THE TASK
Below are the records. Retype, exactly, the lines from the first through the line with "与《红楼梦》有着不解之缘的恭", and leave out the pictures.

Data excerpts
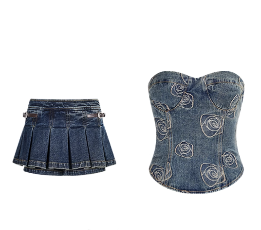 兩件裝牛仔抹胸上衣迷妳裙套裝(藍色)(規格:S-L碼)(下單後聯絡客服確認發貨尺碼)#F047043049
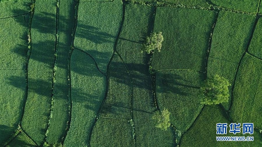 這是8月4日無人機(jī)拍攝的安徽黟縣宏村風(fēng)景區(qū)附近的農(nóng)田晨景。新華社記者張端攝
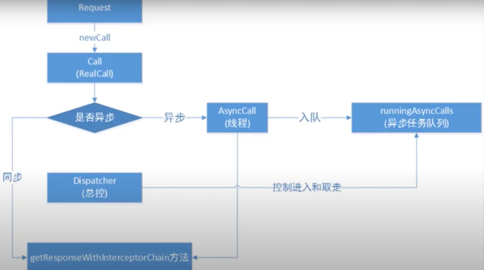 getResponseWithInterceptorChain方法:拦截器链,内部依次调用拦截器,详细见后。-- 进入Dispatcher的
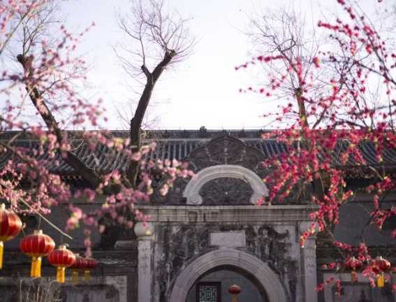 与《红楼梦》有着不解之缘的恭王府,每到冬日,白雪、红梅、琉璃瓦相映成趣,为游人营造了一个色彩斑斓的书画意境。尤其是屋顶那一片片翠绿的琉璃瓦,经历两百多年的风霜雨雪和岁月侵蚀,依然色泽犹存、流光溢彩。
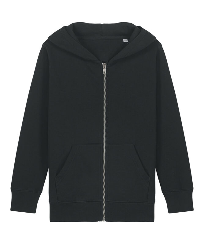 The iconic kids’ zip-thru hoodie sweatshirt. Medium fit. Set-in sleeve. Self-fabric lined hood. 1x1 rib at sleeve hem and bottom hem. Twin-needle topstitch centred on seam at hem, cuff and armhole.
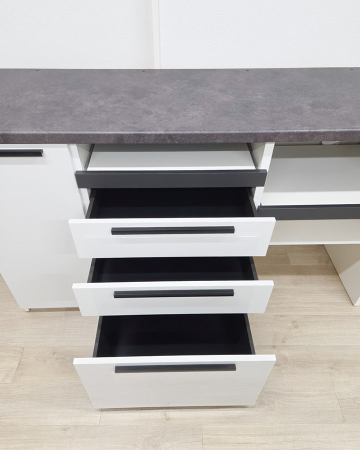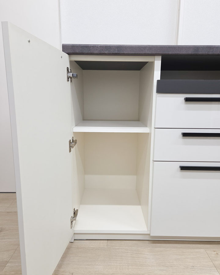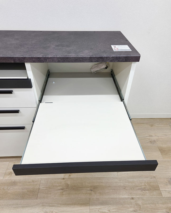 ・幅160cmの広大な作業スペースに加え、右下のオープンスペースへごみ箱をスマートに収容可能です
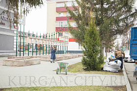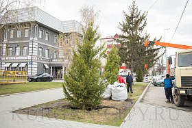 В Кургане в рамках программы по озеленению города началась посадка деревьев в скверах и парках, вдоль улично-дорожной сети. Так, сегодня были высажены молодые здоровые ели вдоль аллеи, расположенной по улице Гоголя.

TASK ANSWER
 兩件裝牛仔抹胸上衣迷妳裙套裝(藍色)(規格:S-L碼)(下單後聯絡客服確認發貨尺碼)#F047043049
 這是8月4日無人機(jī)拍攝的安徽黟縣宏村風(fēng)景區(qū)附近的農(nóng)田晨景。新華社記者張端攝
 getResponseWithInterceptorChain方法:拦截器链,内部依次调用拦截器,详细见后。-- 进入Dispatcher的
 与《红楼梦》有着不解之缘的恭王府,每到冬日,白雪、红梅、琉璃瓦相映成趣,为游人营造了一个色彩斑斓的书画意境。尤其是屋顶那一片片翠绿的琉璃瓦,经历两百多年的风霜雨雪和岁月侵蚀,依然色泽犹存、流光溢彩。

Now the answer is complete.